Monday, September 8, 2014

Experiments Hurt the Review Process

Experimentally validating (or falsifying) a theory is one of the fundamental aspects of science. As such I have always put a lot of emphasize on experiments, and of course empirical evidence are essential when designing systems. To pick a simple example: merge sort has better asymptotic behavior than quick sort, but in practice quick sort is usually faster. Wall clock is what matters.

However while all that is true in general, in practice experiments can be quite harmful, in particular in the context of peer-reviewed papers. In the rest of this post I will try to illustrate why that is the case and what could potentially be done about that.
It took my a while to realize that experiments hurt the review process, but both real papers that I have seen, and in particular input from my colleague Alfons Kemper have convinced me that experiments in papers are a problem. Alfons suggested to simply ignore the experimental section in papers, which I find a bit extreme, but he has a point.

The first problem is that virtually all papers "lie by omission" in their evaluation section. The authors will include experiments where their approach behaved well, but they will not show results where it has problems. In Computer Science we find that perfectly normal behavior, in fields like Pharmacy we would go to jail for that.

Furthermore this behavior interacts badly with the review process. Of course the reviewers know that are shown only the good cases, therefore these cases have to be really good. If someone writes a paper about an approach that is nicer and cleaner than a previous one, but is 20% slower in experiments, he will have a hard time publishing it (even though the 20% might well just stem from small implementation differences).
Which is a shame. Often reviewers are too keen on good experimental results.

The easiest way to kill a paper is to state that the experiments not conclusive enough. The authors will have a hard time arguing against that, as there is always another experiment that sounds plausible and important and on which the reviewer can insist. Authors therefore have an incentive to make their experiments slick looking and impressive, as that will hopefully guide the reviewer in other directions.

Which brings me to the core of the problem with experiments in papers: There have been papers where the thin line between careful experimental setup and outright cheating has been touched, perhaps even crossed. And that is really bad for science. Now one can claim that this is all the fault of the authors, and that they should be tarred and feathered etc., but that is too short sighted. Of course it is the fault of the authors. But the current system is rigged in a way that makes is very, very attractive to massage experimental results. I once heard the statement that "the reviewers expect good numbers". And unfortunately, that is true.
And this affects not only the highly problematic cases, even papers that stay "legal" and "just" create good looking results by a very careful choice of their experimental setup are quite harmful, in best case we learn little, in worst case we are misled.

Now what can we do about that problem? I don't really know, but I will propose a few alternatives. One extreme would be to say we largely ignore the experimental part of a paper, and evaluate it purely based upon the ideas presented within. Which is not the worst thing to do, and arguably it would be an improvement over the current system, but if we ignore the actual experiments the quick sort mentioned above might have had a hard time against the older merge sort.

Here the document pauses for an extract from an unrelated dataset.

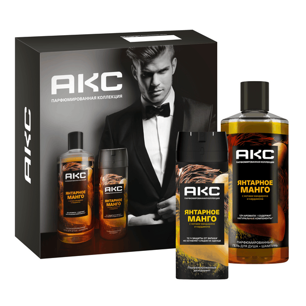 ПН Акс янтарное манго men дезодорант спрей 150 мл гель для душа и шампунь 400 млПодарочный набор мужчине АКС Янтарное манго представляет собой яркую коллекцию средств для ежедневного ухода за волосами и телом у мужчин. В состав набора входят гель для душа и шампунь для волос 2в1, дезодорант мужской спрей от запаха пота подмышек – незаменимые средства для тех, кто ценит высокий уровень ухода за собой и стремится к комфорту во всем. Средства упакованы в элегантную подарочную коробку, что делает этот комплект идеальным подарком. Гель для душа и шампунь для волос мужской 2в1 содержит в своем составе натуральные компоненты'. Его яркий аромат сохраняется на коже до 12 часов''. Уходовый гель для душа и шампунь для волос парфюмированный дарит волосам и коже оптимальный уход, бережно очищает их и ухаживает за ними. Дезодорант мужской спрей обеспечивает надежную защиту от запаха пота на протяжении 72 часов''', не оставляет белых следов и желтых пятен на одежде, обусловленных наличием солей алюминия. Дезодорант мужской парфюмированный не содержит солей алюминия, обеспечивает мягкий уход коже подмышек и эффективную защиту от запаха пота. Гель для душа и шампунь для волос 2в1, дезодорант мужской спрей обладают 100% топовым* ароматом от бренда АКС, который создан вместе с известным парфюмерным домом. Янтарное манго – дерзкий фруктово-древесный аромат, в котором легкомысленная сладость тропических фруктов уравновешивается травянистыми и древесными нотами.
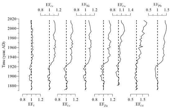 Based on the above analysis, the dominant factor influencing potentially toxic elements in the lake sediments is the physical weathering of terrestrial materials. However, there are usually both natural and anthropogenic sources of potentially toxic elements in lake sediments [48]. Discharges from the metallurgical industry and the combustion of fossil fuels are usually the main sources of Cu, Pb, and Cd [1]. Wastewaters from the Balkhash copper smelting industry and lead–zinc industrial complex as well as contaminants from the thermal power plant and the open-pit mine caused enrichment of potentially toxic elements in Lake Balkhash [18]. The enrichment factor (EF) of potentially toxic elements was calculated to identify anthropogenic influences on the environmental evolution of Lake Balkhash. Based on the EFs, two distinct stages divided by the year 1930 were apparent in the sediment core (Figure 5). During the first stage, the EFs of potentially toxic elements varied in a manner consistent with their concentrations, indicating that these elements are mainly controlled by the sedimentation rate, which correlated with local climate and geological background.

The other extreme would be what the SIGMOD Repeatability Effort tried to achieve, namely that all experiments are validated. And this validation should happen during reviewing (SIGMOD did it only after the fact). Then, the reviewer should repeat the experiments, try out different settings, and fully understand and validate the pros and cons of the proposed approach.
Unfortunately, in an ideal world that might actually be the best approach, but that is not going to happen. First, authors will claim IP problems and all kinds of excuses why their approach cannot be validated externally. And second, even more fundamental, reviewers simply do not have the time to spend days on repeating and validating experiments for each paper they review.

So how could a compromise look like? Perhaps a good mode would be to review papers primarily based upon the ideas presented therein, and take only a cursory look at the experiments. The evaluation should look plausible, but that is it, it should not have much impact on the review decision. And in particular authors should not be expected to produce another miracle result, reporting honest number is preferable over a new performance record.
Now if the authors want to they could optionally submit a repeatability set (including binaries, scripts, documentation etc.) together with their paper, and that would give them bonus points during reviewing, in particular for performance numbers, as now the reviewers can verify the experiments if they want. No guarantee that they will do, and papers should still be ranked primarily based upon ideas, but that would allow for more reasonable experimental results.

Experiments are great in principle, but in the competitive review process they have unintended consequences. In the long run, we have to do something about that.